It’s now been a year since the permanent team at What Works for Children’s Social Care took over from the incubator team – and a year since I said on this blog that we would “Start as we mean to go on”. It’s been six months since I reported that we were off to a good start, but that we’d made some important missteps along the way. So, where are we now?
As I’ve said before, I like to look at the numbers. At the beginning of last year we had no evaluations ongoing, and had research projects active in no local authorities. Today, we’ve got projects on the go in 107 local authorities – nearly 70% of all those delivering children’s services, and 29 live research projects. I’ve visited 26 local authorities to talk about children’s social care, and met hundreds of social workers in the process.

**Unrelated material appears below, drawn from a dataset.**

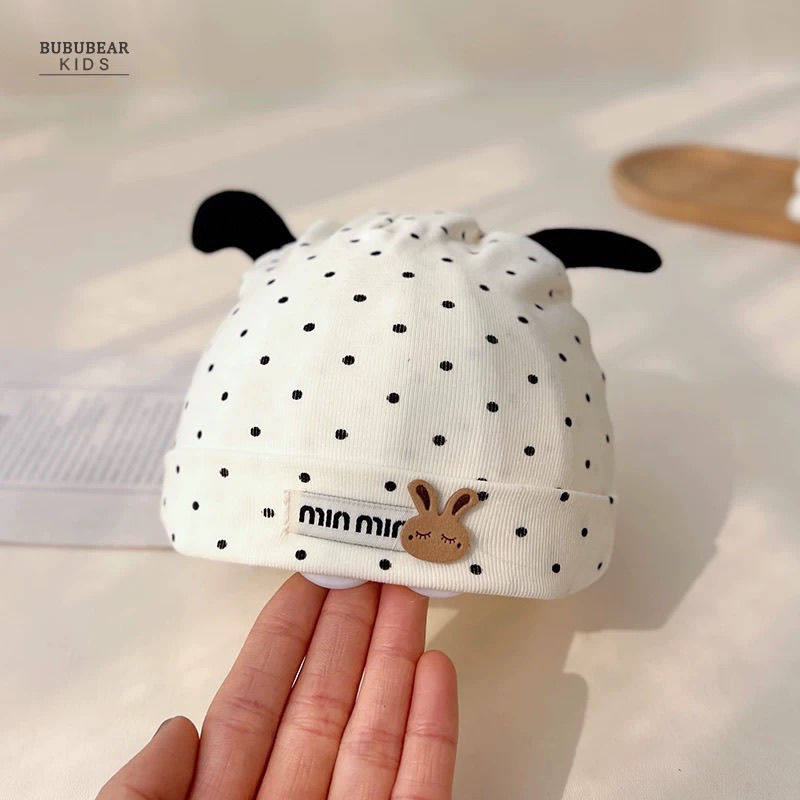 新生儿胎帽宝宝帽子春秋季薄款2025新款波点蝴蝶结无骨囟门帽纯棉
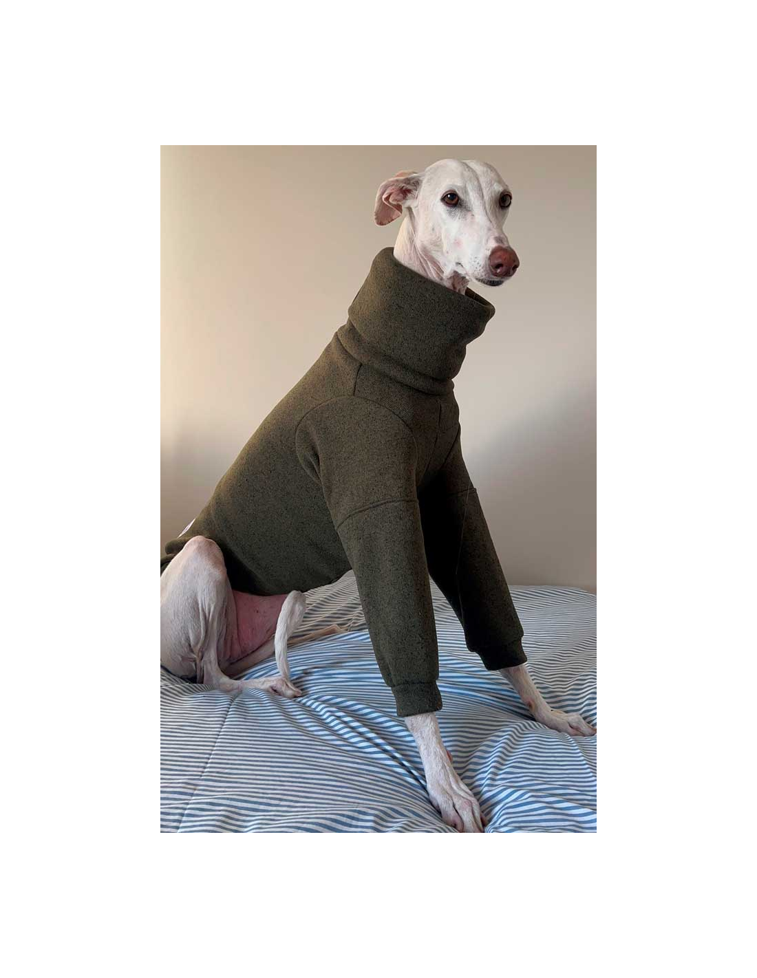 Elegante forro polar en color verde kaki. Aislará a tu perro del frío, diseñado especialmente para su peculiar disposición anatómica.

Beneath these headlines there are important details. We’ve got 11 randomised controlled trials (RCTs) either up and running or well on their way. We’re enthusiastic about helping to bring this approach – which has so far been unusual in children’s social care – more into the mainstream, but these are far from everything we do, and we’ve tried to embrace a variety of methodologies in our research. We’re conducting three quasi-experimental evaluations – of Signs of Safety, of the Mockingbird Family Model, and of Family Drug and Alcohol courts – and 13 qualitative pilot and feasibility studies. Another two studies – re-analysing EEF trials and testing the efficacy of machine learning – are purely data analysis projects. Of our RCTs, more than half have a qualitative, implementation and process evaluation included.
As well as research that we’ve commissioned or conducted, we’re supporting 28 organisations across 17 projects to conduct evaluations of their own practice, through our Practice In Need of Evidence (PINE) programme.
Producing evidence is, of course, our main priority, but so too has to be our ability to support the work of the sector itself – through creating an evidence base, and through either funding projects ourselves or working with others, to help more funding flow into children’s services. I’m pleased that we’re involved in projects totalling more than £100million spent on services, including the Supporting Families, Investing in Practice programme where we are working in partnership with the Department for Education.
Of course, not everything has gone smoothly. As I reflected after six months, we haven’t always consulted in the right way or at the right time – something I think we’re getting better at, and which I hope you can see reflected in our current priority setting exercise for next year. Some things have taken longer to get going, and to get done, than I thought they would do in the spring of 2019 – we’ll have to chalk this up to organisational youthful optimism. Nonetheless, I’m pleased that the next few months are chock-a-block with publications of research projects we’ve begun in the last year – starting two weeks ago with the publication of our report on social worker forecasting, and continuing with this Thursday’s launch of our report on the ethics of machine learning in social care.
We’ve learned a lot in the last year, and I owe that to the many people who’ve taken the time to speak to us, to offer their wisdom from years of experience and research in the sector, and to the local authorities who opened their doors to us.I’ve taken a great deal from those conversations and experiences, and I hope we’ve been able to contribute something in return.
So, a year later, I believe we’re off to a good start, with an appropriate dose of humility and self-criticism. I wish I could say we’re done with mistakes, but without those, how will we keep learning? What I can promise for the year ahead is that we’ll keep learning, and we’ll still be committed to helping build and communicate the evidence base in social work practice. We will also continue to work as collaboratively and as broadly as possible to ensure we achieve this mission.
To those I’ve met in the last year, thank you for everything – from support and friendship, to the criticism and scepticism. To those that I haven’t met yet – I look forward to doing so one day soon.